S3. Current methods for analyzing the processing within neural models are sufficient: if a model is capable of compositional behavior (CB), these analysis methods can identify the model-internal mechanisms supporting this behavior. For example, consider analysis of circuits / induction heads, causal interventions such as ablation, etc.

S4 Interpretable representations are necessary: we cannot evaluate whether a model is capable of compositional behavior (CB) unless we can identify human-interpretable parts within its representational structure.

S5. Interpretable processing is necessary: we cannot evaluate whether a model is capable of compositional behavior (CB) unless we can identify human-interpretable parts within its representational structure, and establish that the model uses these parts as expected during processing. That is to say, if we observe in compositional behavior that certain parts stand in particular relations to one another, we can confirm that those parts interact in similar — ideally isomorphic — ways during the procedure carried out by the model, at some level of description. For example, consider the conceptual roles discussed by Piantadosi and Hill (2022).

S6. External grounding is necessary: we cannot evaluate whether a model is capable of compositional behavior (CB) unless we can identify human-interpretable parts within its representational structure, and establish that these parts are grounded with respect to some model-external structure in the world.

Achieving CB

S7. Current neural models show a sufficient degree of compositional behavior (CB); we don’t need to assign high priority to further research on this topic.

S8. Current neural models do not show a sufficient degree of compositional behavior (CB), but this issue will likely be resolved as a byproduct of increasing model capacity (i.e.~larger models and/or larger datasets). In other words, scale will solve this problem, and we don't need additional interventions to improve compositional behavior.
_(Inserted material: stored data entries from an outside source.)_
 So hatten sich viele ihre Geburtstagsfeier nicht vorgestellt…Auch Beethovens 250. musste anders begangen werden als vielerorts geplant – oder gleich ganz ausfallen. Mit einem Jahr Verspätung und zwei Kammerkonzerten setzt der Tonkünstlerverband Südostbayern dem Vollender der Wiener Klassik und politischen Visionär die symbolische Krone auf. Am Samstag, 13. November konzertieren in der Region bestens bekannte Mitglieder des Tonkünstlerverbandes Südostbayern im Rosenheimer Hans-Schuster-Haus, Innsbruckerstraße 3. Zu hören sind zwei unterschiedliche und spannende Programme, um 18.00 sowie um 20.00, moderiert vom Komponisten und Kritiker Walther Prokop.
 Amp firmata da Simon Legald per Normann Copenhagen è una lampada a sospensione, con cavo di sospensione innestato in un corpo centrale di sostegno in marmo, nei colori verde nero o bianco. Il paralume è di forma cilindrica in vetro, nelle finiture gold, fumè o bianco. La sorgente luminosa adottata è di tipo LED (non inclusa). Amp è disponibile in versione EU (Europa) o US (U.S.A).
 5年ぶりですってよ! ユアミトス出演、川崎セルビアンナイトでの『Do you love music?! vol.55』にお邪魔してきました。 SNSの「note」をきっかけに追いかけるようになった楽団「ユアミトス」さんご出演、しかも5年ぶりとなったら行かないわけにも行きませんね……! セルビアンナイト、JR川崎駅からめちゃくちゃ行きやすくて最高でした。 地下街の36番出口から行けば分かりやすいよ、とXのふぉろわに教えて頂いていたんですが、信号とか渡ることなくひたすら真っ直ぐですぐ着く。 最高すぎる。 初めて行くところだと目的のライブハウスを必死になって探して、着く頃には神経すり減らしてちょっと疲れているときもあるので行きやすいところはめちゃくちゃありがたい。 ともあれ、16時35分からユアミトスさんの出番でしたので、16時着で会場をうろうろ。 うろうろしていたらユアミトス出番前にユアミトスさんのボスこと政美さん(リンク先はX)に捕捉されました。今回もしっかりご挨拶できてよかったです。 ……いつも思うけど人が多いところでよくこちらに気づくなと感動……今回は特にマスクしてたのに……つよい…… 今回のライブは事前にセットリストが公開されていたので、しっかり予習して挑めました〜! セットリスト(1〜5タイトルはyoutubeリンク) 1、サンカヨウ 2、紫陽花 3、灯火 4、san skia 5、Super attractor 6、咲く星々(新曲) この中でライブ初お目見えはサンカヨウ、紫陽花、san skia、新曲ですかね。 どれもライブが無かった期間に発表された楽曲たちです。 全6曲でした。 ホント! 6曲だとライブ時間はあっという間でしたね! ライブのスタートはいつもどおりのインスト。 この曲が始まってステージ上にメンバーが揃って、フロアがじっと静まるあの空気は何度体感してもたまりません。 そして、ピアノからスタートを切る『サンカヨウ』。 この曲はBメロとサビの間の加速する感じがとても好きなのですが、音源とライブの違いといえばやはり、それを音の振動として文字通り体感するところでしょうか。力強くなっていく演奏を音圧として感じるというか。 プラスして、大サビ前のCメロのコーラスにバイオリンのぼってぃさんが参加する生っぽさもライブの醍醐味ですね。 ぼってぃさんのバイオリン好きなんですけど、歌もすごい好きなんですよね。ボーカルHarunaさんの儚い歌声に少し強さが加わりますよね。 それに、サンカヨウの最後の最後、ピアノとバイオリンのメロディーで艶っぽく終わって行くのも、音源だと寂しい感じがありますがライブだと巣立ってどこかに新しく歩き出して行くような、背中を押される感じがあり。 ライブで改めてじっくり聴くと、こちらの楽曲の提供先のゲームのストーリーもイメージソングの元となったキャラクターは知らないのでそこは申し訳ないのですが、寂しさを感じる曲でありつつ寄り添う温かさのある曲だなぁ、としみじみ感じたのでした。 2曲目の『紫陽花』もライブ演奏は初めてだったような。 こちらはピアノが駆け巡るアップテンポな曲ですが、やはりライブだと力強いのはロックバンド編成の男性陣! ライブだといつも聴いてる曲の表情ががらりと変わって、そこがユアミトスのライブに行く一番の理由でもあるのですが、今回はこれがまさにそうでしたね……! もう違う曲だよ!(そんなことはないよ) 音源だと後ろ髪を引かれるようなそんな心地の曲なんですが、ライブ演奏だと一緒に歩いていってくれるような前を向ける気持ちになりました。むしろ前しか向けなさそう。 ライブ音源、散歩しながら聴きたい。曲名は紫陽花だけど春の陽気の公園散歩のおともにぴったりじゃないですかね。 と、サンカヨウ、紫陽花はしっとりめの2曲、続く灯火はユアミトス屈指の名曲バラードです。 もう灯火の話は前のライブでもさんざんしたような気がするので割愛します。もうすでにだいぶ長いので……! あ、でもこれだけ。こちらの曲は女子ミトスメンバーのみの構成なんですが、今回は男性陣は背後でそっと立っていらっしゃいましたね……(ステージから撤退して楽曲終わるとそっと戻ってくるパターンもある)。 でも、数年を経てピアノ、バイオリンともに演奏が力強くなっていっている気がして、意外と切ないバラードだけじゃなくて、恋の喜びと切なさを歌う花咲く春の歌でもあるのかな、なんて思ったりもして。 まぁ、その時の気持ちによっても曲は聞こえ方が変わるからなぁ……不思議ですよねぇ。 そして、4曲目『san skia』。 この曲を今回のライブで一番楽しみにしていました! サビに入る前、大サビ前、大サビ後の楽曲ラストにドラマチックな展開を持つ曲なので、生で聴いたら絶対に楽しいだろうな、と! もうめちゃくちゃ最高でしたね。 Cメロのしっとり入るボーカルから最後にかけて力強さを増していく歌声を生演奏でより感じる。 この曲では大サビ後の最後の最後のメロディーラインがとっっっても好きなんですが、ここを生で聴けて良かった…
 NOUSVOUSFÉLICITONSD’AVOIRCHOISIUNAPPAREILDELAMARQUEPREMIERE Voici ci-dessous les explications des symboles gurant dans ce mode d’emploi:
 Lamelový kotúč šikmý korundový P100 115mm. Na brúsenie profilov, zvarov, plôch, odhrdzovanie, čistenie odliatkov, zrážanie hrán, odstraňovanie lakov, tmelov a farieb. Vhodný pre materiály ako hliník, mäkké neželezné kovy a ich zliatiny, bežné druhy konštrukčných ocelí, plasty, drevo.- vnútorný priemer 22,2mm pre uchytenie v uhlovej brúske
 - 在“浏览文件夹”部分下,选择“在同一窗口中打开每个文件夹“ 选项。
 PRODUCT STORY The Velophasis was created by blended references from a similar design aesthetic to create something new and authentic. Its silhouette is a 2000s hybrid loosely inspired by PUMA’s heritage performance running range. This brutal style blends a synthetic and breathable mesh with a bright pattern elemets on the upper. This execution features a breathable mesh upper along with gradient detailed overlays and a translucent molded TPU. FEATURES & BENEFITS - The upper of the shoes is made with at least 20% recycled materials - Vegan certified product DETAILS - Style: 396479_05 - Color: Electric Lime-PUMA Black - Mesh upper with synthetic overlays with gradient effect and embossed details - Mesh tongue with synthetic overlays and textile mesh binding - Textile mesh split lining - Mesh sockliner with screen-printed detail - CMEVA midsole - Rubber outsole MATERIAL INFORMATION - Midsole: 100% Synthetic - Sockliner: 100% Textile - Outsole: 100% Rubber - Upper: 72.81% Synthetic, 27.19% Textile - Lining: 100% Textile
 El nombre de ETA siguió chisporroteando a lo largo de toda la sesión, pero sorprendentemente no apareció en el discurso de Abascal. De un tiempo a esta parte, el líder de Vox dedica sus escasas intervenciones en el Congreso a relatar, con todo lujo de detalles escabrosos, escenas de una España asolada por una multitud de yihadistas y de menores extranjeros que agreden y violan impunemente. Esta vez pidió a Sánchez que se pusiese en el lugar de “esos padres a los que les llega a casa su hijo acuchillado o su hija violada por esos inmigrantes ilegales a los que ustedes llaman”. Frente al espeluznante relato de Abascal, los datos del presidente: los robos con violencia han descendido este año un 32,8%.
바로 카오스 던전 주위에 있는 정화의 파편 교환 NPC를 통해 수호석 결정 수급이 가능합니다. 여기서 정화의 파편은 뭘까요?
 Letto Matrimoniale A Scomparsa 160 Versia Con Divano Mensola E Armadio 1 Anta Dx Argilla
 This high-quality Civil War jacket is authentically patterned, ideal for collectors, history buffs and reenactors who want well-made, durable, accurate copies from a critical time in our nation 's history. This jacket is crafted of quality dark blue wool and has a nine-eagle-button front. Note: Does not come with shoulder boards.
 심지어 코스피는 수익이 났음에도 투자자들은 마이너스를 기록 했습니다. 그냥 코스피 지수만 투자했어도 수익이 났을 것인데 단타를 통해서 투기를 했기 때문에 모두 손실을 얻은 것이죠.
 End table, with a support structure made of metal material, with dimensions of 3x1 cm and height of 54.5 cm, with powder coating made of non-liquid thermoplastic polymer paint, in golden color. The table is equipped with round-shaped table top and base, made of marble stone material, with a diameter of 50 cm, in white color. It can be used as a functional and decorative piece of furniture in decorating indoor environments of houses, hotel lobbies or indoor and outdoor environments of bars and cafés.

S9. Current neural models do not show a sufficient degree of compositional behavior (CB), and some intervention is required, but model-external interventions — as opposed to the model-internal interventions considered in the next claim — are likely to satisfactorily resolve this problem. Examples of model-external interventions include prompt engineering; strategic manipulation or augmentation of training data; and auxiliary tasks during training, pre-training, or fine-tuning.

S10. Current neural models do not show a sufficient degree of compositional behavior (CB), and model-external interventions are unlikely to resolve this issue. Model-internal interventions or novel architectures, focused on model representations/processing/learning, will be necessary to solve the problem.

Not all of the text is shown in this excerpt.